Two Campaign Contributors File Lawsuit Against Federal Bifurcated Campaign Contribution Limit

Federal campaign law says that individuals may contribute up to $5,200 to the campaign of a congressional candidate. However, the law says the donor can only give $2,600 in the primary season, and may only give $2,600 in the general election season. On July 21, two potential donors filed a lawsuit against the “bifurcation” requirement. They argue that if Congress does not believe that a contribution of $5,200 to a candidate leads to a danger that the candidate will be bribed by the contribution, then there is no rational reason why the donor can’t give the entire $5,200 for the general election campaign season.

The case is Holmes v Federal Election Commission, U.S. District Court, D.C., 1:14cv-01243. Here is the 19-page complaint. Thanks to the Center for Competitive Politics for the link. The plaintiffs happen to live in Florida, but challenges to federal campaign laws are always filed in Washington, D.C. The case will probably be assigned to a 3-judge U.S. District Court, because non-frivolous challenges to federal campaign laws are entitled to a 3-judge court, by act of Congress.

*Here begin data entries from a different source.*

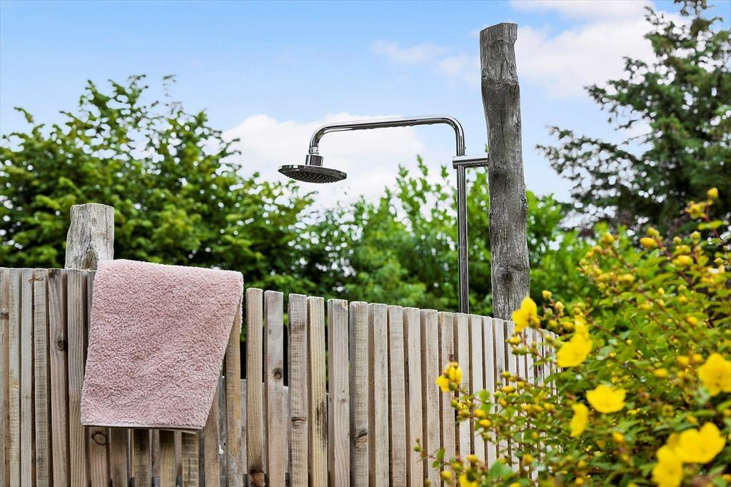 Rund ums Ferienhaus erstreckt sich ein schöner Garten, der von Büschen und Bäumen umgeben ist, die den Garten gut abschirmen. Im Garten erwarten dich mehrere gemütliche Aufenthaltsplätze, hübsche Blumen und Sträucher, aber auch schöne Bereiche, die ganz der Natur überlassen sind. Die große Terrasse mit Gartenmöbeln bietet beste Möglichkeiten, zu jeder Zeit ein sonniges oder auch windgeschütztes Plätzchen zu finden. Die vor dem Haus platzierte Terrasse in Richtung Westen ist teilweise überdacht und bietet sich hervorragend zum Genießen der Nachmittags- und Abendsonne an. In Verlängerung der Terrasse erwartet dich eine Außendusche, die nicht nur für erfrischende Abkühlungen an warmen Sommertagen sorgt, sondern dir nach einem Bad in den wogenden Ostseewellen den Sand und das Salz des Meeres von der Haut spült. Gute Parkmöglichkeiten sind vorhanden.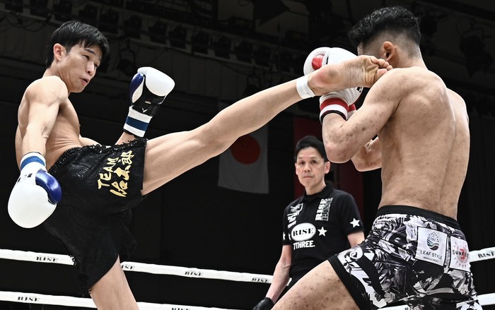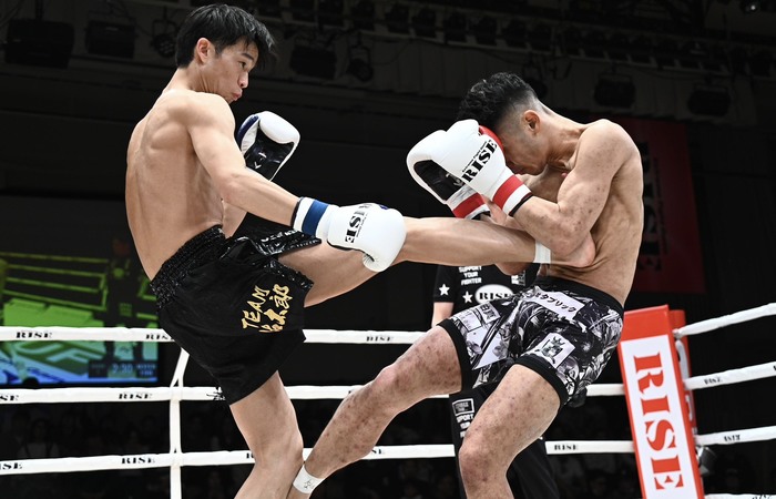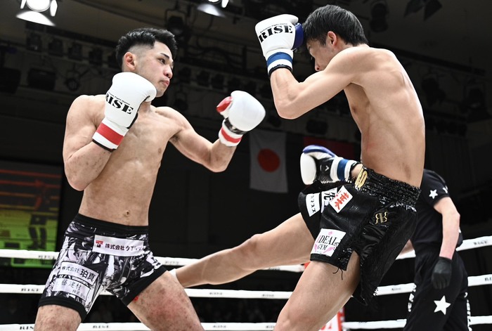 白鳥はワンツー、堀は深く踏み込んで右ロー。白鳥はサウスポーになるが、奥足の左足を蹴られる。堀の徹底した右ローを警戒しながらも、左ストレートを打って行く白鳥。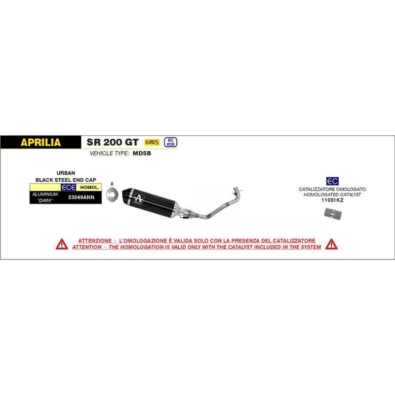 Características técnicas del escape Arrow 53549ANN Urban Aprilia SR 200 GT 2022-2023: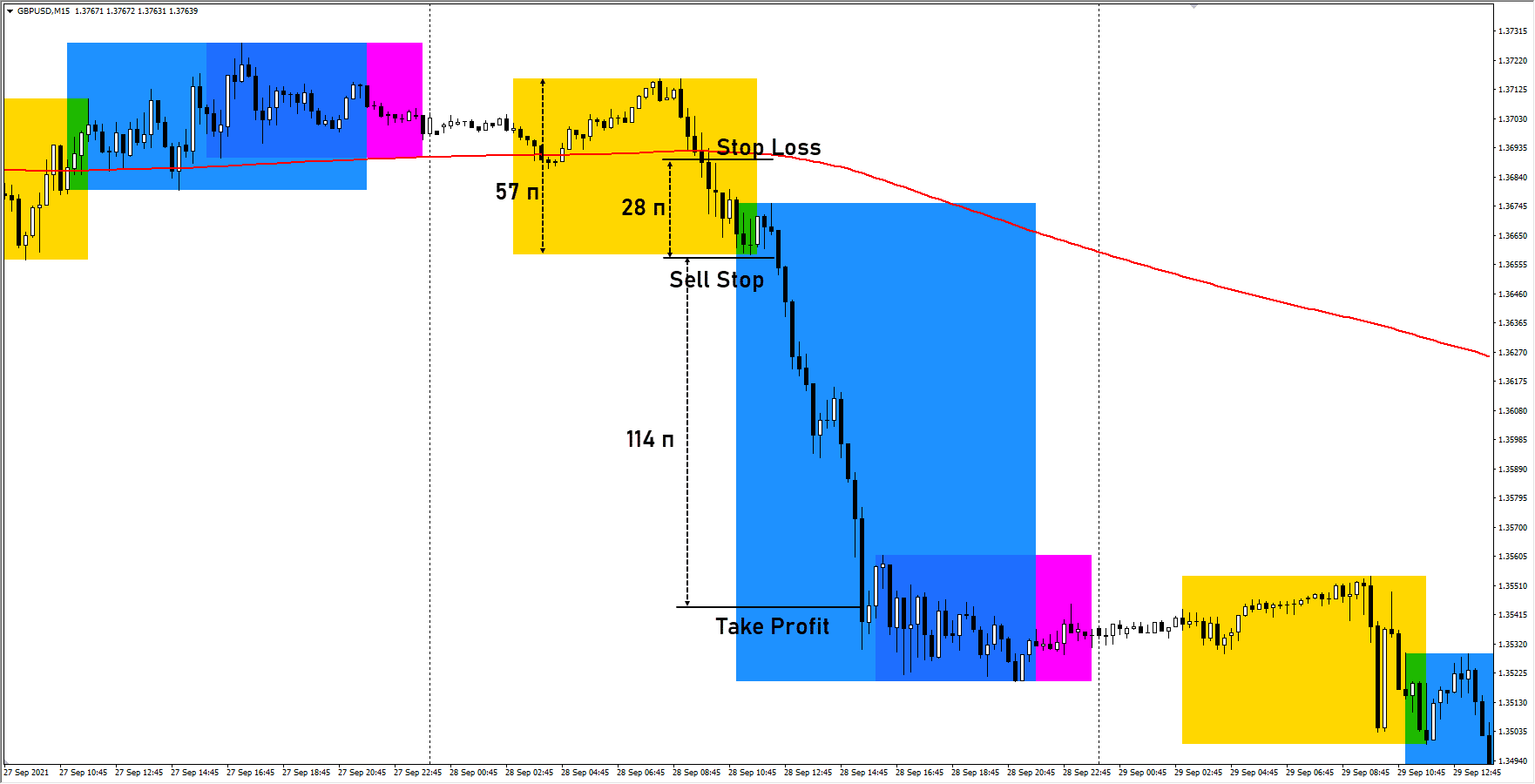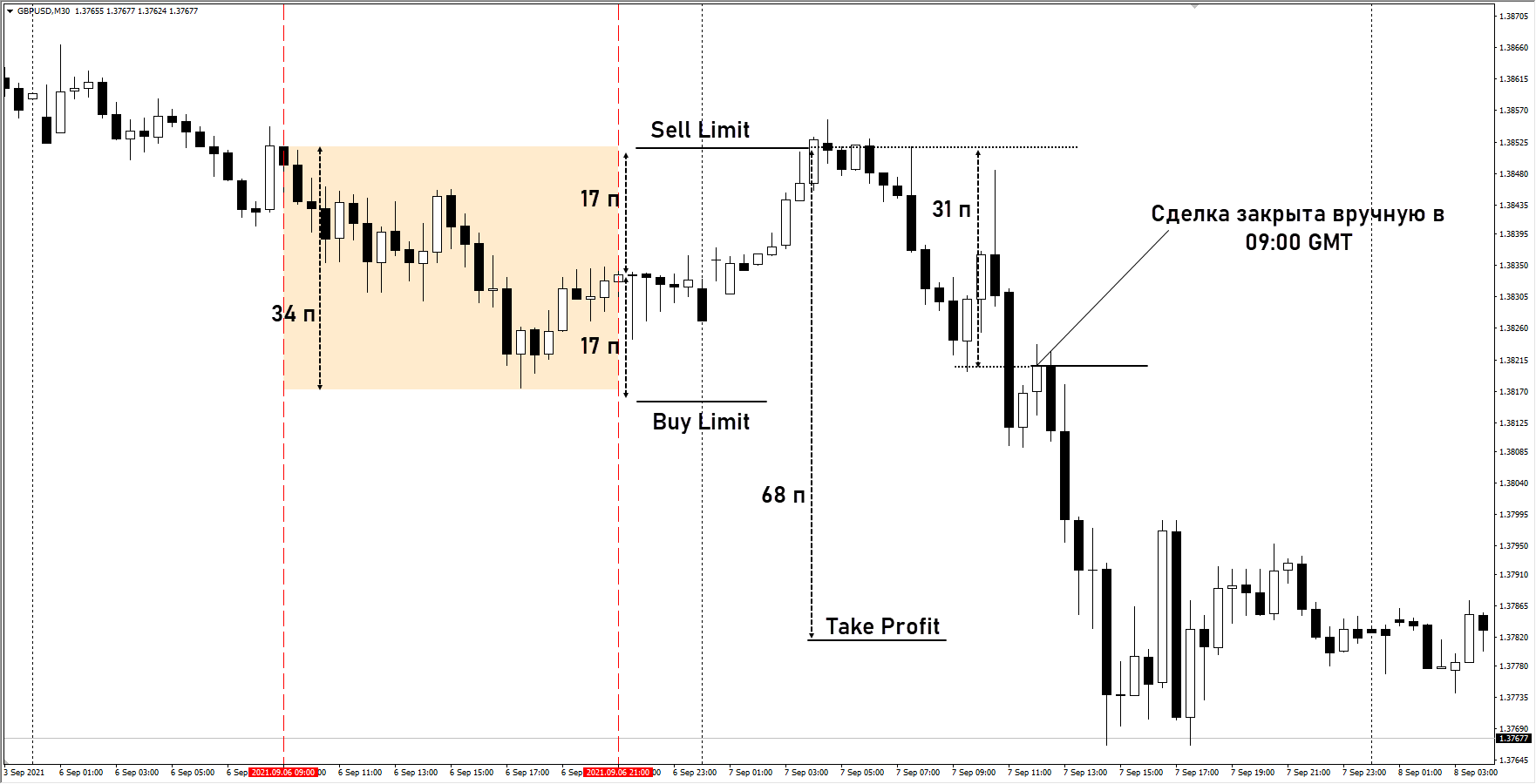- Ордер Sell Stop размещается под нижней границей диапазона.

Political Scientists Ray LaRaja and Brian Scaffner Say Laws that Weaken Political Parties Help Cause Polarization

Ray LaRaja and Brian Scaffner, political science professors at the University of Massachusetts, here argue that strong political parties reduce polarization. They also conclude that federal campaign finance laws, especially the McCain-Feingold law which still hobbles political parties, are partly to blame for weakening parties, and therefore increasing polarization. Thanks to several people for the link.

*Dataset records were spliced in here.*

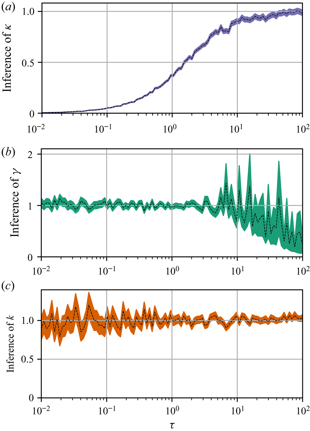 $\tau$, to establish when each model is sampling-time consistent – we say a model is sampling-time consistent when inferred parameter values are stable over a range of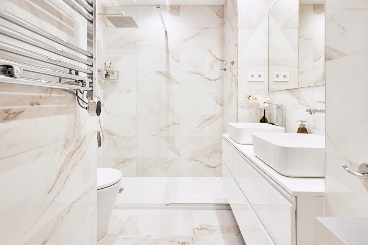 Style scandinave, salle de bains et toilettes invités flambant neuves, cuisine et salon ouverts.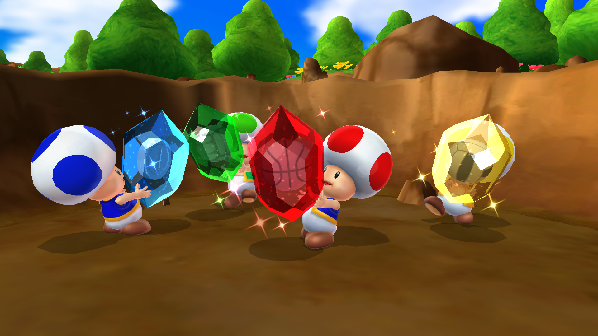 Capture d'écran des Toad découvrant des cristaux au point de l'impact du météore dans la cinématique d'introduction de Mario Sports Mix.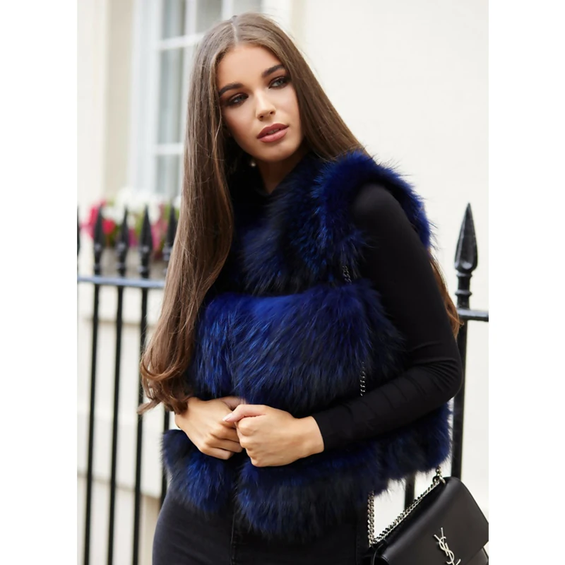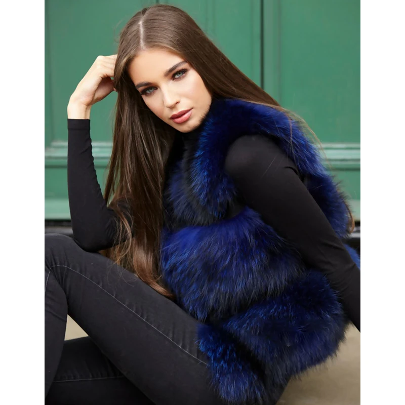 Зимняя модная теплая куртка из натурального Лисьего меха с V-образн...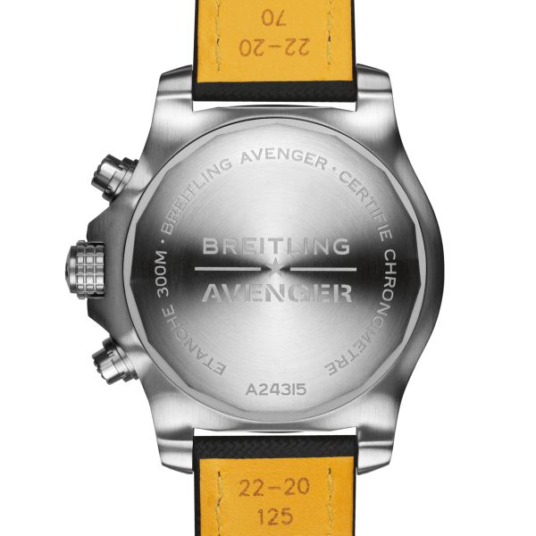 Bold, extremely robust and shock resistant, the Avenger Chronograph GMT 45 combines precision with a powerful design. As a true Breitling Avenger, it offers unrivalled safety and reliability to any airborne adventurer. The Avenger Chronograph GMT 45 features a sturdy 45mm stainless-steel case, black dial and a choice of a stainless-steel bracelet or matching military leather strap. Thanks to its rugged bezel and its special grip-pattern on the crown and chronograph pushers, the Avenger Chronograph GMT 45 can be easily operated wearing gloves.

New Mexico Files Brief in Ballot Access Case that Challenges 3% Petition Requirement

On July 21, attorneys for the New Mexico Secretary of State filed this 15-page brief in Parker v Duran, 1:14cv-617. This is the federal lawsuit over the state’s 3% petition requirement for independent candidates. The plaintiff, an incumbent member of the State Public Education Commission, wants to run for re-election this year as an independent candidate. He submitted a petition that has fewer signatures than the legal requirement, but he did submit more than enough signatures to meet the 1% requirement if he had been the nominee of a minor party.

The state’s brief says the 3% petition requirement is needed to keep the ballot from being too crowded, even though, if the plaintiff, James T. Parker, fails to get on the ballot, there will be only one candidate on the November ballot for his race. The author of the brief seems slightly embarrassed to argue that the state is in danger of having a crowded ballot if the requirement is struck down. The brief says, on page 10, “Plaintiff would have this Court ignore that interest here because the ballot for Public Education Commission District 4 is hardly crowded; to the contrary, it has been empty until this year. But as tempting as it may be to adopt that reasoning, it is legally flawed. The question is not whether there is any historical risk to crowding this specific ballot. The question is whether the legislature may constitutionally require independent candidates to demonstrate a modicum of support.”

The brief also says on page 14 that voters “do not have the right to elect” Parker if he doesn’t show a modicum of support, ignoring the fact that New Mexico permits write-in candidates in the general election. In November 1980 New Mexico voters elected a write-in candidate to Congress.